Interestingly, there was a minor constellation of spots visualized in Hcn1-Myc₁₃ samples that was absent in the Hcn1-GFP sample, and two pieces of evidence suggest that these arose from phosphorylation within the Myc₁₃ epitope itself. First, they comigrated with phosphopeptides generated from the otherwise unrelated Sop2-Myc₁₃ protein; and second, they persisted in labeled Hcn1-Myc₁₃ lacking all of its eight serine residues (data not shown).
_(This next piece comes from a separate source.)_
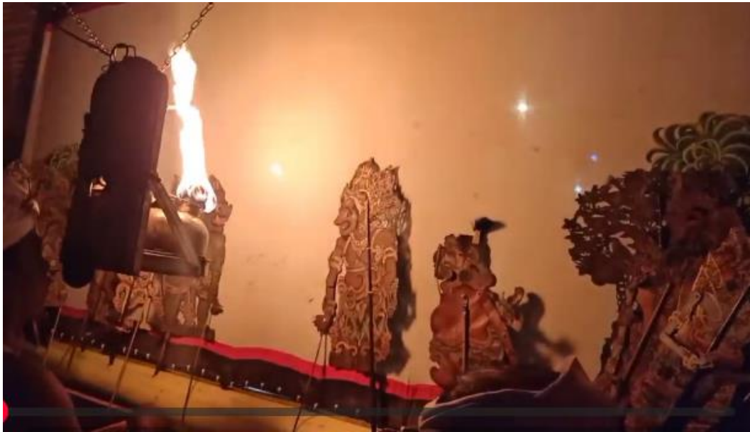
Gambar 6. 2 Rahwana, Patih Prahasta, Delem, dan Sangut dalam Adegan Patangkilan (Sumber: Youtube)

( ngore ) sebagai bala tentara Sang Rama. Oleh karena itu, biasanya hanya laki-laki yang berminat menjadi dalang Wayang Ramayana. Pertumbuhannya pun tidak sepesat Wayang Parwa, yang selalu dijadikan dasar pembelajaran mendalang baik di masyarakat maupun di lembaga pendidikan seni. Berikut adalah gambar pertunjukan Wayang Ramayana oleh Jero Dalang Tunjung dari Desa Pengosekan, Kecamatan Ubud, Kabupaten Gianyar.

To verify that Ser⁴⁸ is the single site of Hcn1 phosphorylation, we generated a strain in which Ser⁴⁸ was replaced with alanine (hcn1-S48A) at the hcn1⁺ genomic locus (see "Experimental Procedures"). The locus was then tagged with GFP or Myc₁₃ to allow detection of the mutant protein. Both tagged and untagged hcn1-S48A strains were viable, indicating that phosphorylation of Hcn1 at Ser⁴⁸ is not essential. Like Hcn1-Myc₁₃, Hcn1-GFP migrated as multiple bands during mitosis, and the upper band could be eliminated by phosphatase treatment (Fig. 4, A and B). Mutation of Ser⁴⁸ abolished the upper mobility form of Hcn1-GFP (Fig. 4, A and B), indicating that the gel shift was due to this phosphorylation event. Labeling of Hcn1-S48A-GFP in vivo with [³²P]orthophosphate revealed that no phosphate was incorporated into the protein relative to Hcn1-GFP (Fig. 4C). Taken together, our data suggest that Ser⁴⁸ is the only significant in vivo phosphorylation site within Hcn1.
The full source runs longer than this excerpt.